Chez les patients bénéficiant d’une dialyse péritonéale intermittente ou d’une dialyse péritonéale continue ambulatoire, aucune adaptation posologique n’est nécessaire.

Utilisation chez les patients âgés

Ce médicament doit être utilisé avec prudence chez les personnes âgées, en particulier en cas d’utilisation de fortes doses.

Mode d’administration

Voie orale.

Pour certaines des posologies décrites ci-dessus, il existe également d’autres médicaments contenant du métronidazole à un dosage différent (comprimé pelliculé de 500 mg) ou se présentant sous une autre forme pharmaceutique (solution pour perfusion à 5 mg/mL).

orale

- Hypersensibilité à la substance active (métronidazole), à d’autres nitro-5-imidazolés ou à l’un des excipients mentionnés à la rubrique 6.1.

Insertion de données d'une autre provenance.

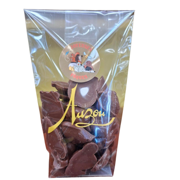 Ingrédients : sucre, pâte de cacao, AMANDE, NOISETTE, beurre de cacao, LAIT entier en poudre, vanille (poudre et extrait), émulsifiant : lécithine de SOJA. Chocolat lait cacao minimum 36% et chocolat noir cacao minimum 65%

- Premier trimestre de la grossesse.

Une surveillance clinique et biologique régulière (incluant un hémogramme) est recommandée dans les cas suivants : traitement prolongé ou à fortes doses, antécédents de dyscrasie sanguine, infection sévère et insuffisance hépatique sévère.

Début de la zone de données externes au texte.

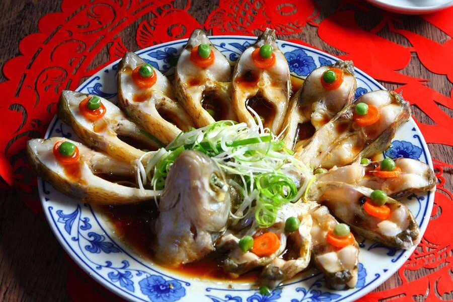 - Приготовление: Переложите рыбу в глубокую миску, залив водой с луком и имбирем для маринования на 15 минут. На тарелке аккуратно разместите голову рыбы, а вокруг нее – веером кусочки самой рыбы. На каждый фрагмент выложите морковь и имбирь, готовьте на пару 8-10 минут.

Chez les patients présentant une insuffisance hépatique sévère ou une altération de l’hématopoïèse (par exemple granulocytopénie), le métronidazole ne doit être utilisé que si les bénéfices attendus sont clairement supérieurs aux risques potentiels.

- Le métronidazole ne dispose d’aucune activité bactéricide directe sur les bactéries aérobies et les bactéries anaérobies facultatives.

- Une infection par Neisseria gonorrhoeae peut toujours persister malgré l’élimination de l’infection par Trichomonas vaginalis.

- Les patients doivent être informés que la prise de métronidazole peut entraîner une coloration plus foncée des urines.

- La durée du traitement par métronidazole ou par des médicaments contenant d’autres nitro-imidazolés ne doit pas dépasser 10 jours. Ce n’est que dans des cas spécifiques bien définis et en cas de nécessité absolue que la durée du traitement pourra être allongée, tout en étant accompagnée d’une surveillance clinique et biologique appropriée. Le renouvellement du traitement doit être restreint au maximum et limité à des cas spécifiques bien définis. Ces restrictions doivent être strictement respectées, car la possibilité d’un développement d’une activité mutagène du métronidazole ne peut être totalement exclue. De plus, une augmentation de l’incidence de certaines tumeurs a été observée dans les études effectuées chez l’animal.

- En cas de réaction d’hypersensibilité sévère (par exemple choc anaphylactique ; voir rubrique 4.8), le traitement par métronidazole doit être immédiatement arrêté et un traitement d’urgence établi doit être instauré par des professionnels de santé qualifiés.

- Des cas de réactions cutanées bulleuses sévères, parfois fatales, ont été rapportés avec le métronidazole (voir rubrique 4.8). Il s’agit notamment de cas de syndrome de Stevens-Johnson (SJS), de nécrolyse épidermique toxique (NET) et de pustulose exanthématique aiguë généralisée (PEAG). Les patients doivent être informés des symptômes et doivent surveiller attentivement les réactions cutanées. Si le patient présente des symptômes de SJS ou de NET (par exemple symptômes grippaux, éruption cutanée progressive souvent accompagnée de cloques et de modifications des muqueuses) ou de PEAG (érythème fébrile généralisé associé à des pustules), le traitement doit être arrêté (voir rubrique 4.8).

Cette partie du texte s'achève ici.